National Economic Council Director Lawrence Summers, right, look over to Senior White House Adviser David Axelrod, left, before the start of an event with President Barack Obama announcing that Chief of Staff Rahm Emanuel is stepping down to run for Mayor of Chicago, Friday, Oct. 1, 2010, in the East Room of the White House in Washington. (AP Photo/Susan Walsh)

Lane: Behind the fall of Lawrence Summers

Shed no tears for Lawrence H. Summers, forced out of contention for the Federal Reserve chairmanship by liberal Democratic opponents who thought he was too close to Wall Street.

Though brilliant, the Harvard economist has nonetheless ticked off too many people in his long and brash career, not only on policy grounds but also because of his famously caustic personality. Note to future careerists: Niceness counts.

Nor should you pity President Barack Obama, who reportedly favored Summers. The president is reaping what he sowed. He started the unseemly squabble among Democrats by awkwardly announcing that the current chairman, Ben S. Bernanke, had "already stayed a lot longer than he wanted or he was supposed to." That was in June, when Bernanke was still in the middle of a second four-year term to which Obama had appointed him and had not yet publicized his own intentions.

Obama defended Summers in closed-door meetings with congressional Democrats but never mustered the gumption to nominate him and bring his party into line.

No, the real victims here are the Federal Reserve and its chairmanship, both of which are supposed to be above politics but have been dragged deep into the same political muck that stains every other institution in this polarized capital. The question is how much Fed independence, actual and perceived, has been harmed and for how long.

Of course, the Fed has never been completely apolitical. President Richard Nixon pushed his handpicked Republican Fed chairman, Arthur Burns, to engineer a boom for his 1972 re-election campaign. The 1978 Humphrey-Hawkins Act, passed by a Democratic Congress and signed by Democratic President Jimmy Carter, put the Fed in charge of value-laden (i.e., political) trade-offs by requiring it to minimize both inflation and unemployment.

Meanwhile, the Fed's role as a financial regulator has grown, subjecting it to constant lobbying from interest groups and their allies in Congress.

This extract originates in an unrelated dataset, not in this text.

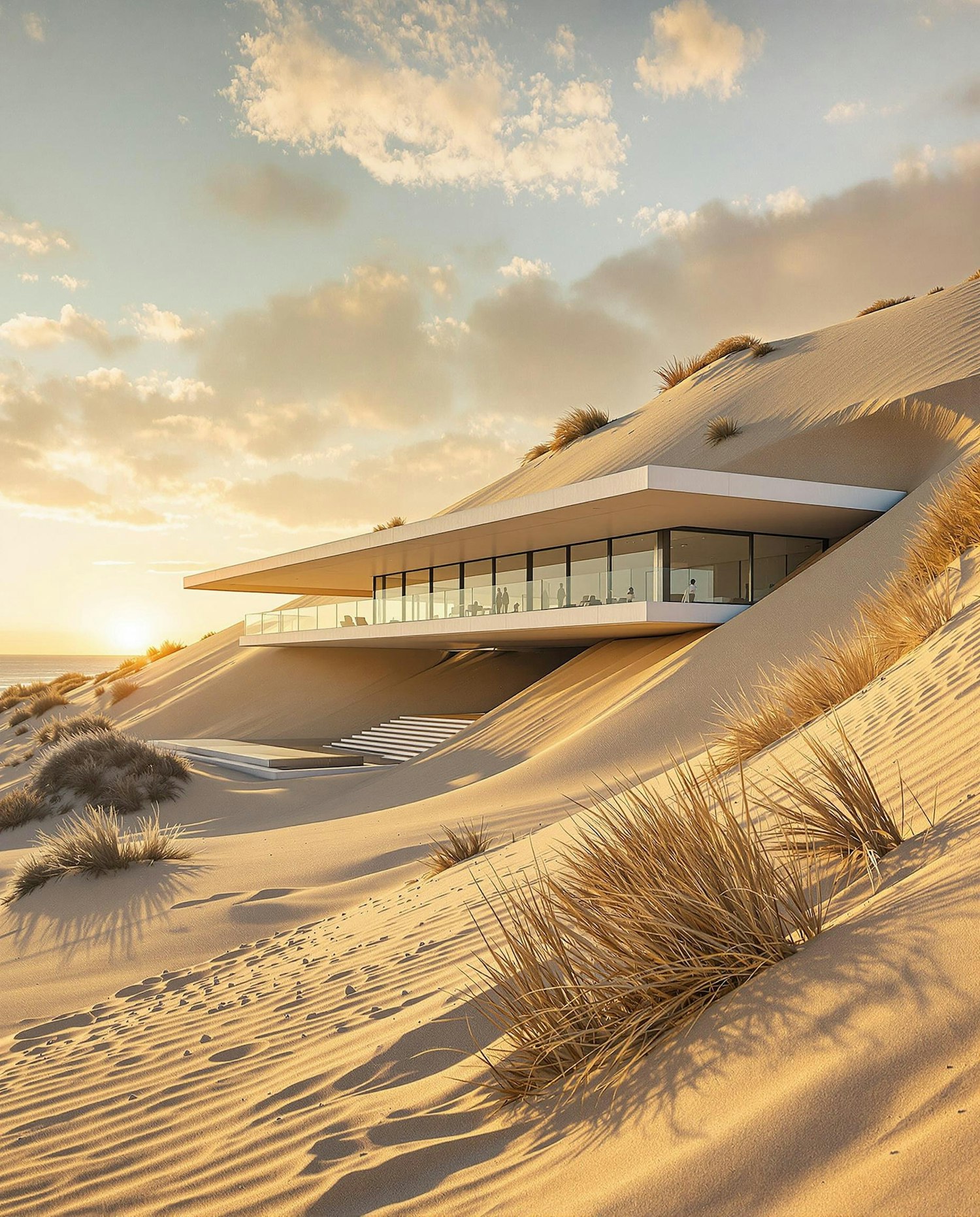 Modern glass-walled building nestled in golden sand dunes at sunset, blending sleek architecture with serene natural surroundings.

In 2010, Republicans mounted an unjustified but successful partisan attack on Obama's nomination of Peter Diamond to be one of the Fed's seven governors.

Still, the Fed managed to avoid undue politicization. Chairman is the key job, and all chairmen since August 1979 — Paul A. Volcker, Alan H. Greenspan and Bernanke — served at least part of their tenure after being reappointed by a president of the opposite party.

In all that time, the closest Senate confirmation vote was 70 to 30 in favor of Bernanke's reappointment in 2010.

Now Summers' withdrawal under fire suggests the Fed's top position may be subject not only to fierce wrangling between the parties but within them. He never got a hearing, just a lot of flak about what he or his competitor, Janet Yellen, might do in office.

Supposedly Summers would have unduly tightened monetary policy, perhaps even more than the bond-buying "taper" Bernanke is already weighing. Says who? Last I checked, Summers hadn't tipped his hand about monetary policy and was waging an op-ed campaign for greater infrastructure spending, out of concern for jobs.

Critics blame Summers not just for being abrasive (fair enough) but also for supporting financial deregulation as President Bill Clinton's Treasury secretary, which allegedly led to economic meltdown years later. Worse, Summers never admitted the mistake or apologized for it, as Michael Hirsh emphasized in a National Journal rendition of the critics' arguments. Ergo, Summers would still be pro-Wall Street now.

I did not know that atoning for policy judgments that were made in good faith, but can be questioned in hindsight, was a precondition for the Fed chairmanship. If it were, Bernanke would have been disqualified due to his backing of low-interest-rate policies at the Fed under Greenspan — which many blame for the housing bubble.

In early 2007, Bernanke declared that the subprime mortgage crash was "likely to be contained." Whoops.

Still, as chairman, Bernanke's been good to great. Probably that's because he's a first-rate economist who doesn't ruminate on the past but judges the issues before him according to the best available data — a description that also fits Summers, and Yellen, for that matter.

The Summers fight was a power struggle, not a serious policy debate. Progressives were determined to roll the White House and, inexplicably, the White House let them.

Neither side seemed too concerned about the political independence of an institution whose essential attribute is a capacity to resist demands for easy money, if necessary — parties and elections be damned.

As two distinguished Harvard economists put it in a 1993 paper: "Insulating monetary policy from the political process . . . helps enforce the low inflation equilibrium. Without some degree of political independence, it would be impossible to appoint a central banker more inflation averse than a majority of the voters, which is a socially desirable goal." Their names? Alberto Alesina and Lawrence H. Summers.

Charles Lane is a member of the Washington Post's editorial board.